• _Exercise goal_: Every line from the top of the records through the line containing "片山さつき財務相が外国人の生" should be retyped exactly; the pictures should not.

[Stored items from a collection]
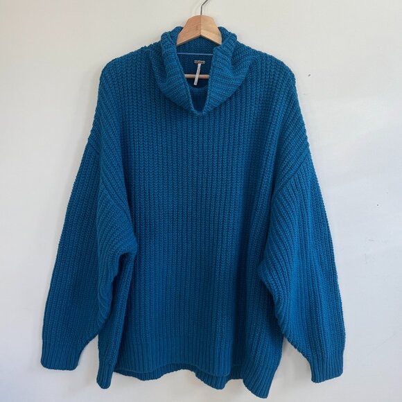 Free People Ocean Blue Oversized Chunky Swim Too Deep Turtleneck Sweater
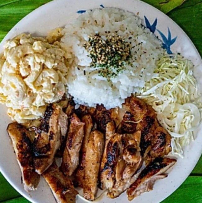 すべてのプレートにライスまたはポイ(スモールポイ+1.5ドル ラージポイ+2.5ドル)、スモールチキンロングライス、ロミサーモン、サツマイモまたはピピカウラまたはマカロニサラダ(季節限定)、ハウピアが付きます
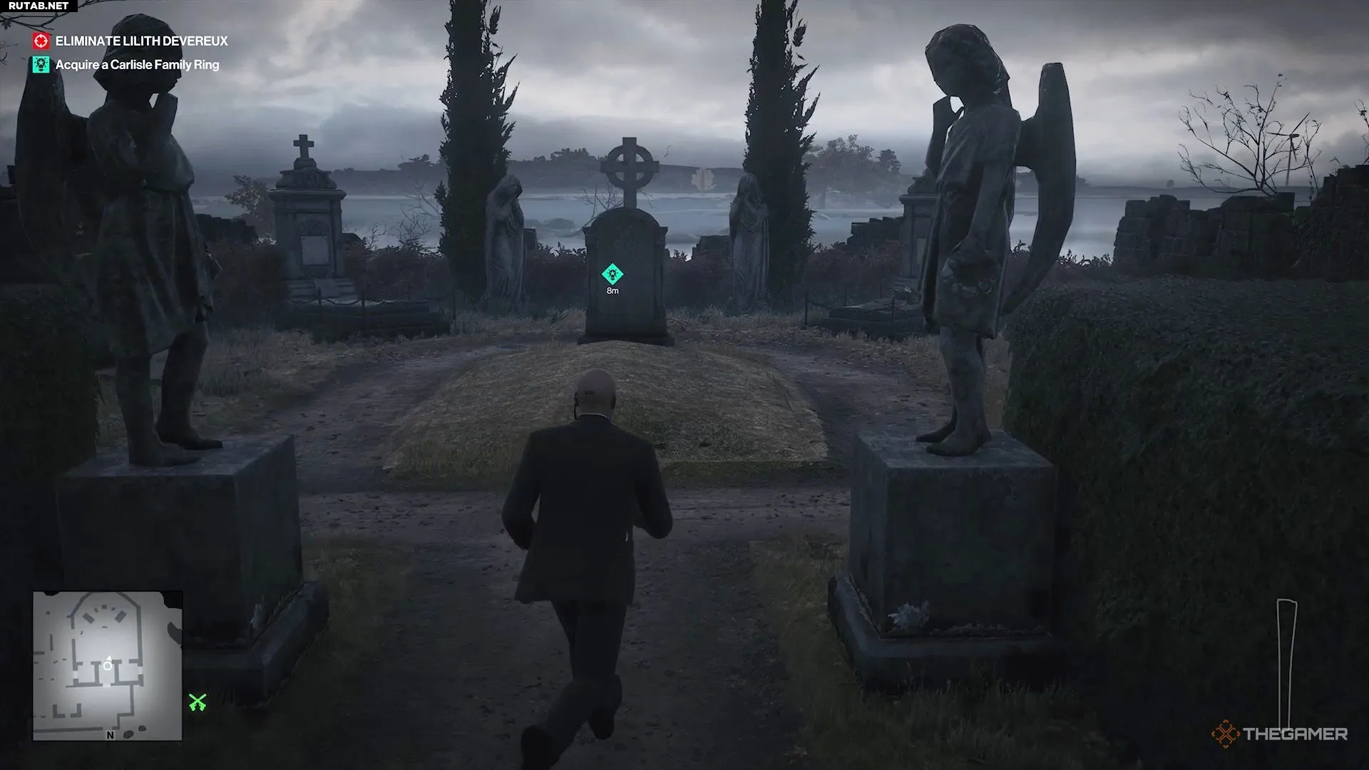 Пройдите между двумя охранниками и направляйтесь к кладбищу.
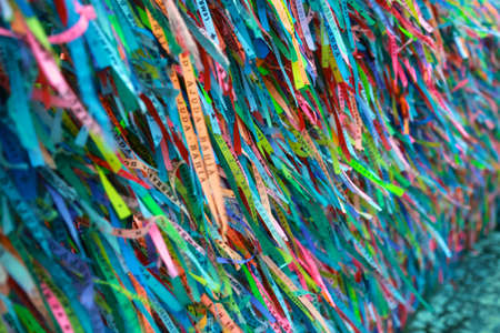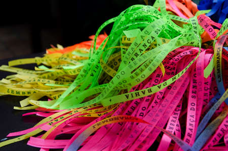 Salvador, Bahia, Brazil - January 09, 2016: Senhor do Bonfim tapes. Famous ribbons that are sold in the church for the faithful to tie to the church fence.
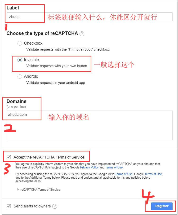 2、首先申请谷歌密钥:https://www.google.com/recaptcha。(你要能科学上谷歌
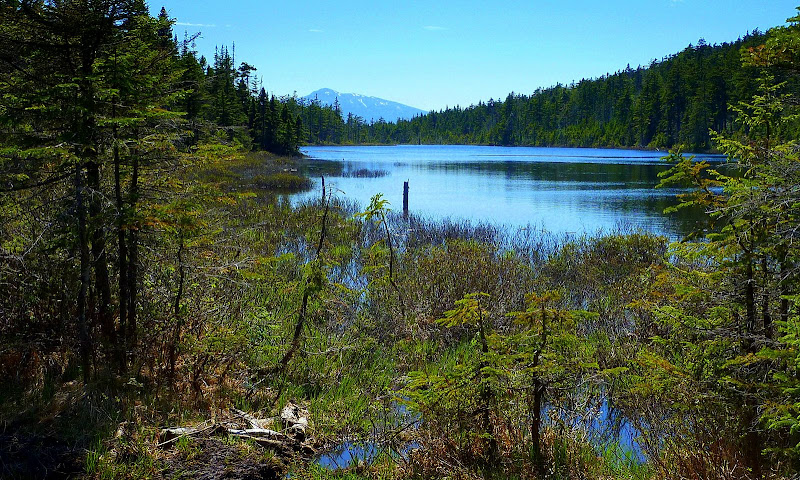 From Wocket Ledge I headed eastward on the Mahoosuc Trail to get to my next destination which was Dream Lake. In my opinion, the view from the northeast end of this lake is exceptional. Seen "floating" on the horizon is Mt. Washington on the left with Mt. Adams on the right, with a portion of Mt. Clay in between. About the only thing to dislike about Dream Lake is that there's no really comfortable place to sit and enjoy the views.
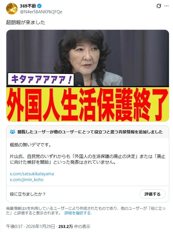 片山さつき財務相が外国人の生活保護廃止を発表したかのような投稿が拡散しましたが、誤りです。政府は2026年1月23日の閣議で、外国人の生活保護について運用を適正化する方針を決めましたが、「外国人の生活保護終了」ではありません。
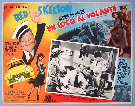 Beautiful Mexican jumbo lobby card (12.5x16.5") from the 1950 MGM comedy / taxi cab film, THE YELLOW CAB MAN, which starred Red Skelton, Gloria DeHaven, Walter Slezak, Edward Arnold and James Gleason. $25 each |
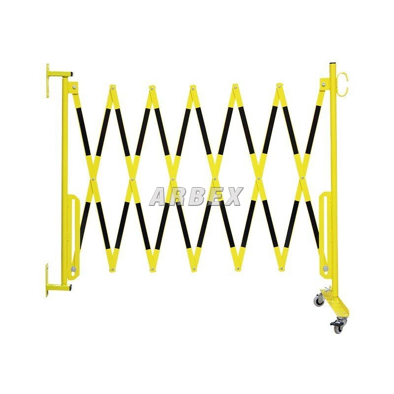 Černo-žlutá nástěnná bariéra. Vyrobena z vysoce kvalitní oceli. Zábrany se připevňují ke stěně pomocí příslušných držáků na konci jednoho ze sloupků. Druhá část zábrany je vybavena kolečky pro usnadnění jejího rozkládání a skládání. V nabídce jsou bíle a červeně lakované ocelové zábrany (označené z obou stran reflexní fólií) nebo žluté a černé.

• _Response area_:
 Free People Ocean Blue Oversized Chunky Swim Too Deep Turtleneck Sweater
 すべてのプレートにライスまたはポイ(スモールポイ+1.5ドル ラージポイ+2.5ドル)、スモールチキンロングライス、ロミサーモン、サツマイモまたはピピカウラまたはマカロニサラダ(季節限定)、ハウピアが付きます
 Пройдите между двумя охранниками и направляйтесь к кладбищу.
 Salvador, Bahia, Brazil - January 09, 2016: Senhor do Bonfim tapes. Famous ribbons that are sold in the church for the faithful to tie to the church fence.
 2、首先申请谷歌密钥:https://www.google.com/recaptcha。(你要能科学上谷歌
 From Wocket Ledge I headed eastward on the Mahoosuc Trail to get to my next destination which was Dream Lake. In my opinion, the view from the northeast end of this lake is exceptional. Seen "floating" on the horizon is Mt. Washington on the left with Mt. Adams on the right, with a portion of Mt. Clay in between. About the only thing to dislike about Dream Lake is that there's no really comfortable place to sit and enjoy the views.
 片山さつき財務相が外国人の生活保護廃止を発表したかのような投稿が拡散しましたが、誤りです。政府は2026年1月23日の閣議で、外国人の生活保護について運用を適正化する方針を決めましたが、「外国人の生活保護終了」ではありません。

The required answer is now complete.